Since the onset of neoliberalism from the Eighties onwards, the whole idea of collective action has steadily eroded in the public mind. Accordingly, collective action has vanished from the gamut of viable interpretations of Stoicism, to the point where it is attacked in principle, as a sort of adolescent shirking of gritty hard work and the day-to-day grind to improve things. But it’s not the fault of collective action as a category, it’s a myopia encouraged by the specific historic circumstances in which we find ourselves, where palpable victories from collective action appear so thin on the ground. If one type of activity doesn’t seem to be bearing fruit (unless you take the historically zoomed-out view), it would indeed seem sensible to jettison it in favour of the kind of ‘sweat-of-thy-brow’ striving Birbalsingh holds in high esteem. But how bizarre such a view would have looked during, say, the 1960s, as the Civil Rights Movement chalked up victory after victory through mass unity in the communities and the streets. How misread Epictetus’ and other Stoics’ positions would have seemed; and how impoverished and feeble this conception of what is within our power to affect.

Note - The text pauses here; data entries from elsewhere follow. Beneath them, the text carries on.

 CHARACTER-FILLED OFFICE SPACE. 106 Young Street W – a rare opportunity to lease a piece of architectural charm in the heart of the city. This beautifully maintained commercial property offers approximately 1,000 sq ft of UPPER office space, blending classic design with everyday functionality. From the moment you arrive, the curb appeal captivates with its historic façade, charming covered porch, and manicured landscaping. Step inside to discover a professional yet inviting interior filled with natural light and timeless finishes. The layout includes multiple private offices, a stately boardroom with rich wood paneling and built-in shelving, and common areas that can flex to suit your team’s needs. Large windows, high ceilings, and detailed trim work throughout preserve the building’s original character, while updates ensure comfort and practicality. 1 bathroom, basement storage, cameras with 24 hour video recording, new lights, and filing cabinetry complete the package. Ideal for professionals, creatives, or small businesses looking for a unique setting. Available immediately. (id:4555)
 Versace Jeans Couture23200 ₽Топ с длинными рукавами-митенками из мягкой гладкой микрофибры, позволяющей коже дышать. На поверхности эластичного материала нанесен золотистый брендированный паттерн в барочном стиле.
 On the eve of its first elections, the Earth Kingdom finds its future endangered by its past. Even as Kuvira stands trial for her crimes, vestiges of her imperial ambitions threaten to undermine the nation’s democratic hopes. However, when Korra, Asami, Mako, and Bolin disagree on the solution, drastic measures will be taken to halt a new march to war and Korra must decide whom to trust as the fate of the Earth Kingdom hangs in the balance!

Another popular figure embracing a politically conservative vision of Stoicism is the former Navy SEAL Jocko Willink, who produces a podcast on the theme of ‘extreme ownership’ – that is, taking as much personal responsibility as possible. One of Willink’s most viewed videos is a speech where he exhorts his viewers to respond to misfortune with the mantra “GOOD!” Anything that befalls a person can in some sense be seen as an opportunity.

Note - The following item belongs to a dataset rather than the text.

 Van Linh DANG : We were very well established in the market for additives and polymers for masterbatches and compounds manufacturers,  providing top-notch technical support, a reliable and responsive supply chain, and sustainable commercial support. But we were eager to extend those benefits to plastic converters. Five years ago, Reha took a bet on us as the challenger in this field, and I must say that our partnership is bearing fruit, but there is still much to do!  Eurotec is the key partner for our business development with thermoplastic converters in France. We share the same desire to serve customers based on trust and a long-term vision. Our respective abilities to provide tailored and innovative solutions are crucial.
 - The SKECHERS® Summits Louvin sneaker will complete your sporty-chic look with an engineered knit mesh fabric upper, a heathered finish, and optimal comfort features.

Unlike classical Stoicism, Willink follows the focus on the private individual to its logical extreme when it comes to politics. Asked why he doesn’t comment on current affairs, he responded that it fundamentally doesn’t matter – that most people are concerned with their lives, their businesses, paying off their mortgages, and so on, and like Birbalsingh, he doesn’t believe that any of those issues are best addressed in the collective sphere. The idea that peoples’ ability to pay off their mortgages might be influenced by the political management of the economy, and that it’s something in our collective power to affect, rather than something we are simply confronted with, like the weather, is nowhere in his worldview. His Stoicism is one that has shrunk down radically to the level of the private individual.

This is echoed in another figure modern Stoics hold in high esteem, the entrepreneur Gary Vaynerchuk. Vaynerchuk, in a recent speech, follows Willink in trying to blot out the wider world as an arena worth considering: “The second you actually genuinely stop blaming anything, and the second you start taking on 100% accountability is the second you start getting happy”.

Birbalsingh, Willink, Peterson, and their co-thinkers are entirely correct in their view that one must attend to reality as it is rather than as we wish it to be, and face the limitations of all human endeavour squarely. Where their version of Stoicism falters is in the unwritten implication they have taken from this, which is that the space for deliberate and successful intervention in social affairs is so severely cramped that we are better off just doing what we can in our personal lives. At the extreme, this version of Stoicism would have us literally resign ourselves to existential threats facing the globe, climate change being the key current example, a good instance of this attitude being Roy Scranton’s Learning To Die In The Anthropocene (2015). Here Scranton argues that the best course of action for humans in the face of climate change is to accept it, and thereby die with dignity. But this sort of view is as unrealistic as perspective of the teenage utopian who believes money could be abolished tomorrow. While the utopians need to put their feet on the ground, the Stoics must lift their heads and widen their view to include collective action, which makes possible what isolated individuals could never achieve.

© Alex Richardson 2021

Alex Richardson is a History teacher in Croydon.